[R] 95% confidence intercal with glm

Ben Bolker bbolker at gmail.com
Wed Sep 29 18:30:51 CEST 2010


  [I'm a little confused: are you "Sam Smith" or "Chris Mcowen" ... ?]

  This is admittedly a bit confusing, but the best scale on which to
compute standard errors is the link scale.
   It turns out (I hadn't realized this) that predict.glm does give
you not-crazy answers when you ask for
se.fit=TRUE on the response scale, in which case you can (a)  just
take +/- 1.96 SE around the response-scale fit and be done.
However, these are less accurate than doing what I suggested ((b)
computing fit +/- 1.96 SE on the link scale and
inverse-link-transforming).  Among other things, method "a" produces
confidence intervals that are exactly symmetric (generally
not true) and that are not necessarily bounded within the appropriate
range -- for example, the lower 95% CI bound for females
in the example below is slightly < 0 ...

## extended example from ?predict.glm
require(graphics)

## example from Venables and Ripley (2002, pp. 190-2.)
ldose <- rep(0:5, 2)
numdead <- c(1, 4, 9, 13, 18, 20, 0, 2, 6, 10, 12, 16)
sex <- factor(rep(c("M", "F"), c(6, 6)))
SF <- cbind(numdead, numalive=20-numdead)
budworm.lg <- glm(SF ~ sex*ldose, family=binomial)
summary(budworm.lg)

ci.scale <- 1.96
plot(c(1,32), c(0,1), type = "n", xlab = "dose",
     ylab = "prob", log = "x", las=1, bty="l")
text(2^ldose, numdead/20, as.character(sex), col=c("red","black")[sex])
ld <- seq(0, 5, 0.1)
pM <- predict(budworm.lg,
              data.frame(ldose=ld,
                         sex=factor(rep("M", length(ld)),
                           levels=levels(sex))),
              type = "response",se.fit=TRUE)
lines(2^ld, pM$fit )
matlines(2^ld,pM$fit+outer(pM$se.fit,ci.scale*c(-1,1)),lty=2,col=1)
pF <- predict(budworm.lg,
              data.frame(ldose=ld,
                         sex=factor(rep("F", length(ld)),
                           levels=levels(sex))),
              type = "response",se.fit=TRUE)
lines(2^ld, pF$fit,col=2)
matlines(2^ld,pF$fit+outer(pF$se.fit,ci.scale*c(-1,1)),lty=2,col=2)

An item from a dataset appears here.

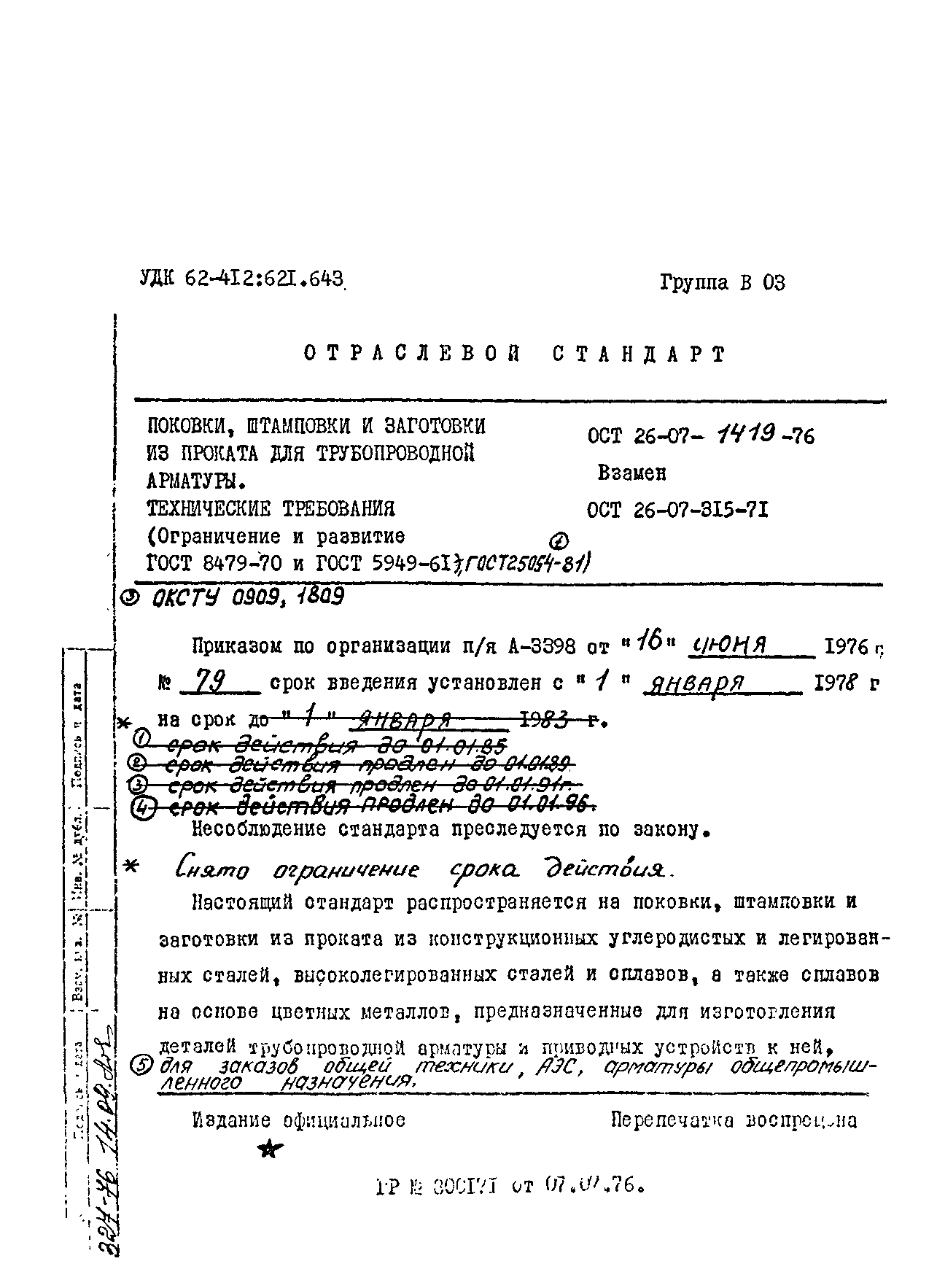 | | Список изменений: | | | Заменяет собой: | - ОСТ 26-07-315-71 «Поковки, штамповки и заготовки из проката для трубопроводной арматуры. Технические требования»

pM_ex <- predict(budworm.lg,
              data.frame(ldose=ld,
                         sex=factor(rep("M", length(ld)),
                           levels=levels(sex))),
              type = "link",se.fit=TRUE)
with(pM_ex,
    
matlines(2^ld,plogis(fit+outer(se.fit,ci.scale*c(-1,1))),lty=3,col=1))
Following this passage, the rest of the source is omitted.